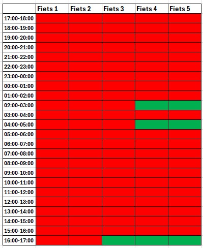 ![]() ![]() De groene vakjes zijn nog beschikbaar, de rode zitten al vol! Stand per 08-02-2026 | ||
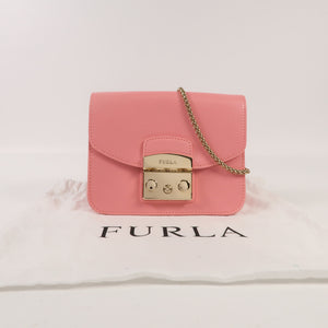 Furla GHW Chain Shoulder Bag Calfskin Leather Pink
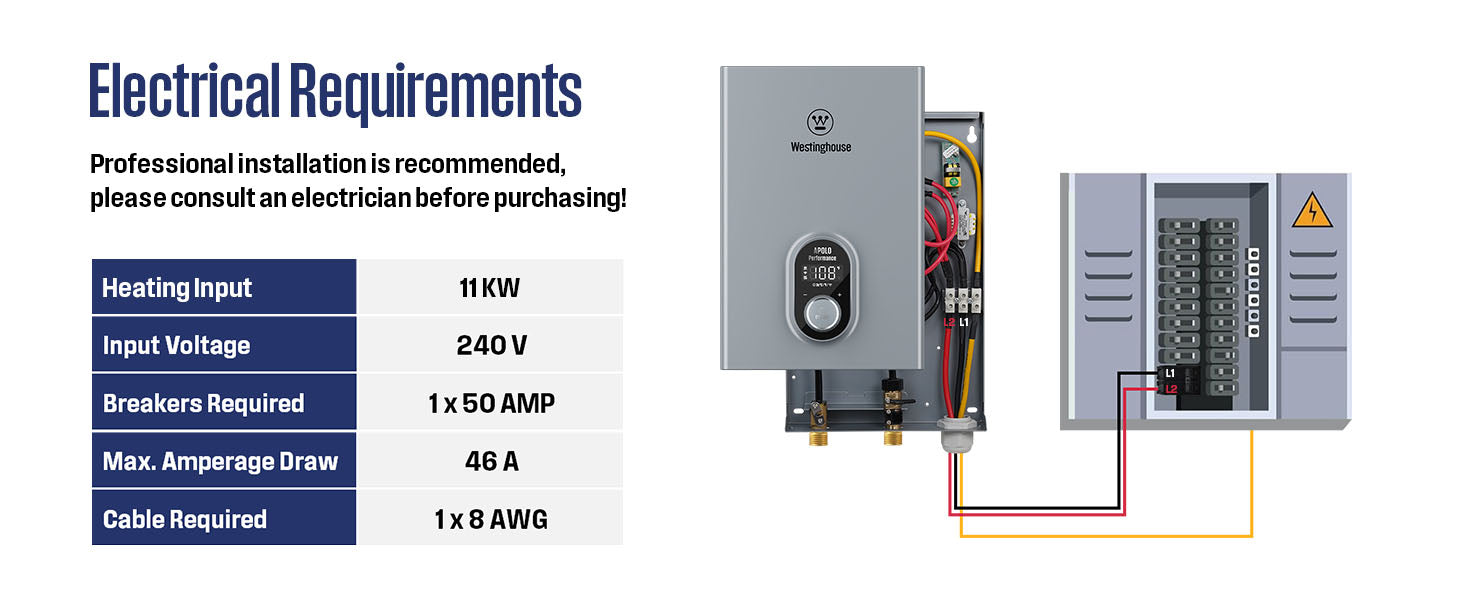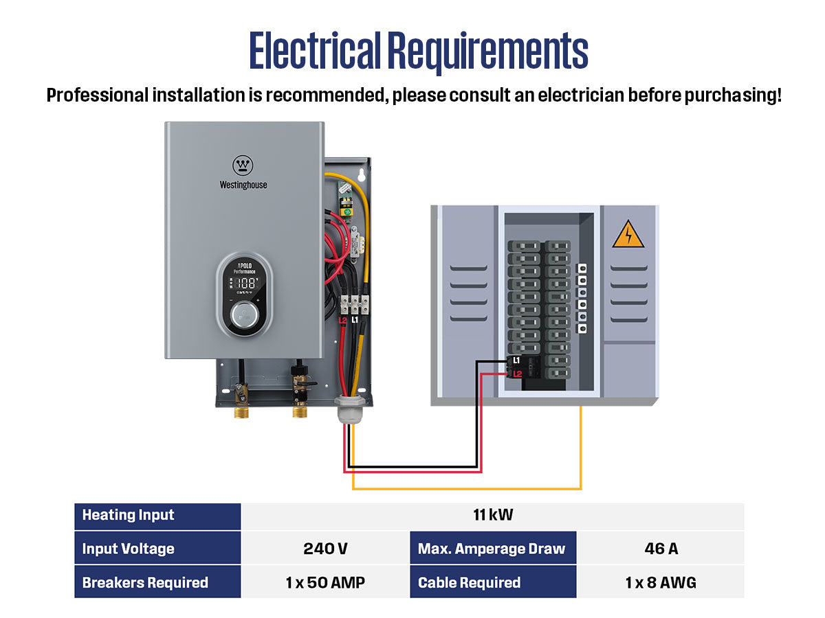 - 【PERFECT FOR APARTMENTS AND HOMES】This 11kW 240V electric tankless water heater efficiently delivers up to 2.6 GPM flow, providing consistent hot water for 1 to 3 points of use simultaneously in apartments, homes, or offices. Activation flow: 0.4 GPM. Requires 46 A and one 50 A double-pole breaker with 8 AWG wiring.
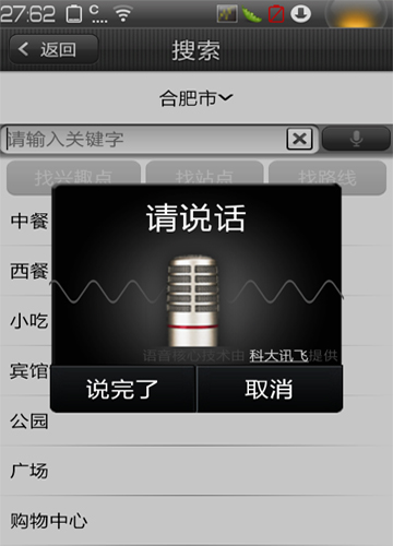 圖:“圖吧手機(jī)地圖”android V5.2版語音搜索界面
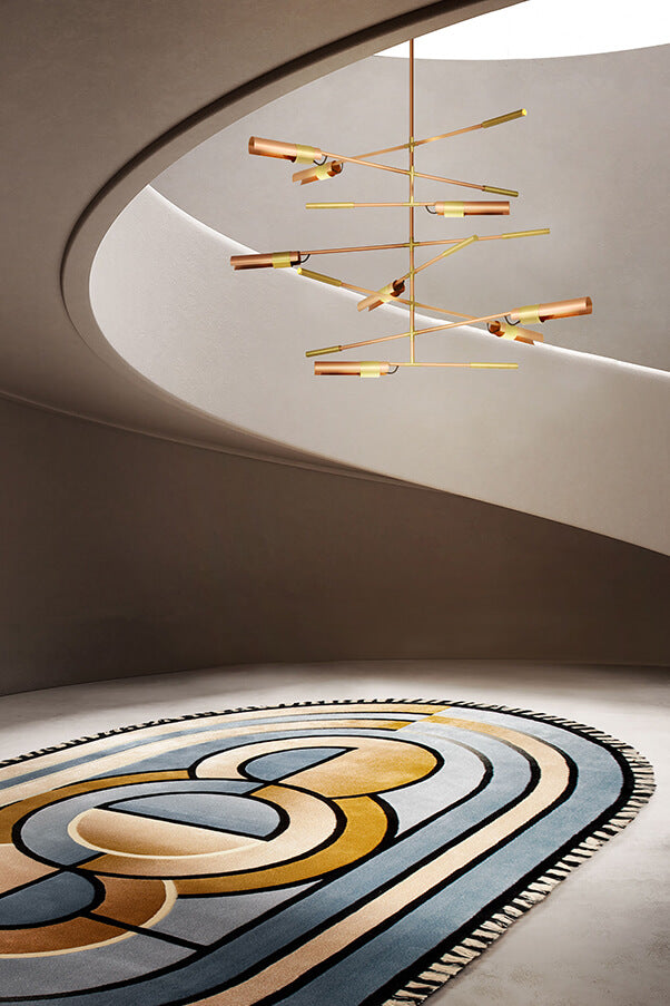 KLEOPATRA is a lounge rug inspired by ancient Egypt, not only for the chromatic choice but also for the linear and rigid graphics that served as the basis of language throughout history. In ancient times, communication was done through symbols, icons, and images, and that was the base for the Kleopatra rug. This modern lounge version of the KLEOPATRA rug is a must-have tapestry with its sky blue and pale mustard tones and fringes.
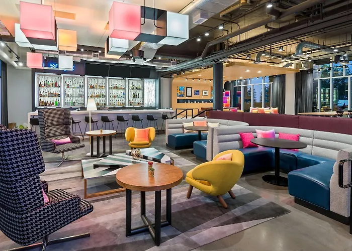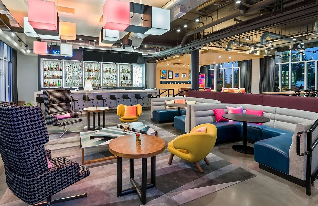 Dining options include re:fuel by Aloft, a 24/7 café for quick meals and snacks, and the W XYZ bar, known for its cocktails and a snack-attack menu. Nearby dining includes Mellow Mushroom and Outback Steakhouse, both within 0.3 miles.
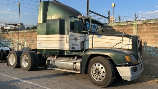 Asimismo, al circular sobre la carretera Cuautla-Cuernavaca de la colonia San Francisco Texcalpan en el municipio de Jiutepec, los oficiales tuvieron a la vista un tractocamión de la marca Freightliner de color verde, modelo 2003 con placas Federales 49AZ9Z, el cual se encontraba con la puerta del conductor abierta y mal estacionado.
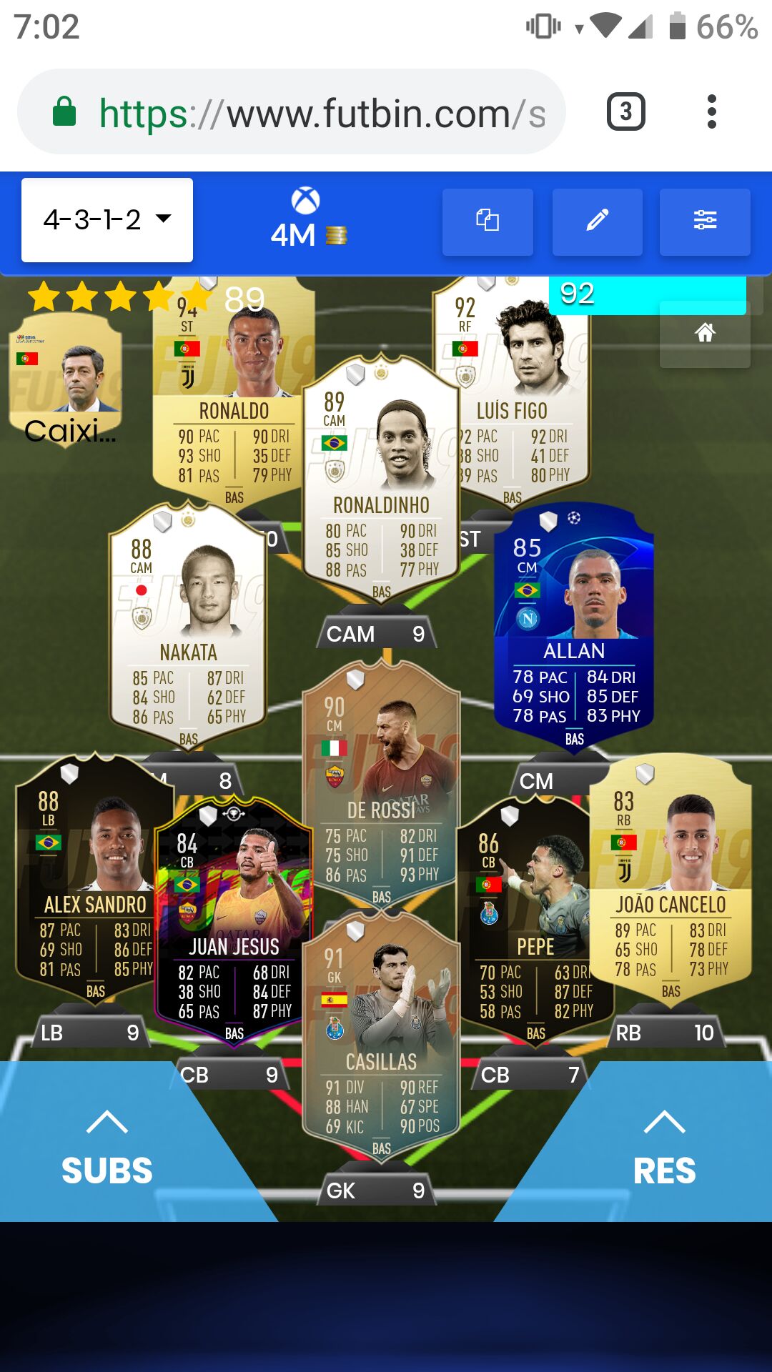 Hierrot sajnálom, mert nagyon OP, a sebessége jóval nagyobbnak érződik, mint ami a lapon van, a megelőző szerelése parádés, nem lehet elnyomni és lefejelni és mivel senki nem használja nagyon jó áron is van! Vissza fogom venni.Szóval kicsit befektettem, a többi coinból meg gold Neymar-FS Militao párost akartam. Aztán elcsábultam, és a base Ronaldinho lett.
* * * * * * *
→ **Instructions to follow**
Leave out the pictures and repeat the lines from the start of the material through the line with "Furla GHW Chain", inclusive.

→ **Response for this exercise**
 ![]() ![]() De groene vakjes zijn nog beschikbaar, de rode zitten al vol! Stand per 08-02-2026 | ||
 Furla GHW Chain Shoulder Bag Calfskin Leather Pink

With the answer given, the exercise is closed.